Common bias drivers:
1. Candidate names indicating gender
2. Recruiters think the candidate isn’t eligible to work in the US due to name only
3. First and last names causing ethnic bias
4. Photo of a candidate causing both positive and negative bias
5. Resume length, format, structure and design introduce enormous bias
Less understood bias drivers:
1. Employment gap
2. Job movement across industries
3. Job history outside of perceived ideal employers
4. Age as demonstrated by university graduation date
5. Transferable skills aren’t understood, readily seen in veteran hiring
Candidates also bring a great deal of bias to their reading of a job posting. These include confusing one company with another, not applying to a company that they have never heard of, and making company-wide judgments based on the negative actions of a small group of past employees.
Matching cannot be accurate without identifying key bias’ and developing technology to help humans remove this bias from the process. In HR tech bias removal is most important at the top of the funnel because without leveling the playing field at the beginning of the process it’s virtually impossible to deliver an unbiased slate of qualified candidates to interview.
Agnostic Solution Partnering
A key component of removing bias is removing bias from the data. The data has to be agnostic, diverse and structured.
1. The data can’t come from a certain company, certain job board or a certain industry.
2. Data needs to include as many different types of jobs and candidates as possible. For example, currently at Ai4Jobs powered by ThisWay we have built learning on 48,000 job types and 350 million people assisted by more than 3,000 global partners.
3. Unifying the structure of the data removes the bias that comes from letting well-structured data dominate less structured or ‘noisy’ data.
Lastly is a bias that we overlooked for years.
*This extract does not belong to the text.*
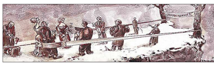
Из серии «Три, два, один»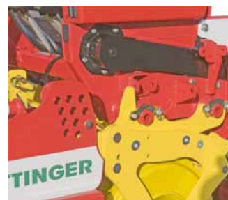
Rögzítőcsapot behelyezve – a vetőgép biztosítva.

It’s an accessibility bias and we are addressing this now.
Accessibility bias is building a business model, cost structure or data model that constrains access to the degree that only enterprise companies have access to the unbiased system. This also means that the only candidates that can receive fair matching are those that are interested in working for these enterprise companies, which flies in the face of the goal of removing bias.
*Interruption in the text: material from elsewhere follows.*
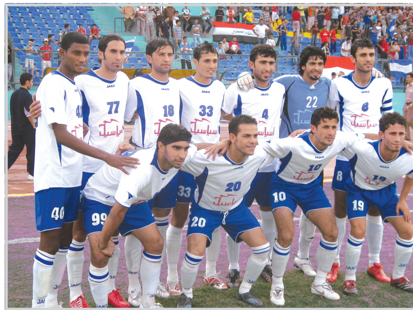
دهوك اعلى فرق مجموعته الثانية باستحقاق

دهوك / عماد البكري تصدر فريق نادي دهوك فرق مجموعته الثانية بعد اجتيازه اخر عقبة في طريقه فريق نادي نبط الجنوب بهدف وحيد كان كافياً لخطف نقاط المباراة التي جرت على ملعبه وقادها طاقم تحكيم مؤلف من فلاح عيد وجليل صبيحي وعدنان عزم وزكاز محمد. واستفاد دهوك من فوزه وتعثر منافسه اللدود فريق كربلاء امام الطلبة ليصبح رصيده ١٨ نقطة فيما بات لكربلاء ١٦ نقطة فقط لم تمنحه سوى جواز اللعب مع اصحاب المراكز الثانية النجف والجوية للفوز ببطاقة التاهل الوحيدة للمربع الذهبي . وجاء فوز دهوك منسجماً مع واقع حال المباراة التي جرت تفاصيلها وفق

Partnering towards an agnostic solution is made more difficult in incumbent organizations because they can’t afford to give their competitors an advantage. This is an instance where being an agile startup provides great benefit.
Emotions as a driver for innovation
Companies are so accustomed to using bias systems that many believe that qualified and diverse talent doesn’t exist. Candidates also believe they know all the companies that hire for their type of jobs in their location of choice.
When bias is removed the diversity of options is truly enlightening. Many times these candidates are already sitting inside the company applicant tracking system. But like gold nuggets in a mountain, the company needs a precision tool to help them mine the gold.
The best companies and recruiters are proactively seeking diverse talent because they know greater ROI that comes from this strategy. The success of the iPhone, Google Maps and many other technologies are closely tied to this user experience and resulting ‘delight’.
When people first experience unbiased matching results this often creates an emotional response. That happiness, or delight, is why we focus on building unbiased matching that matters.
Aligning tech objectives so that outcomes improve the lives of our fellow humans is the ultimate objective. Our view is that this is best accomplished when bias is diminished or removed.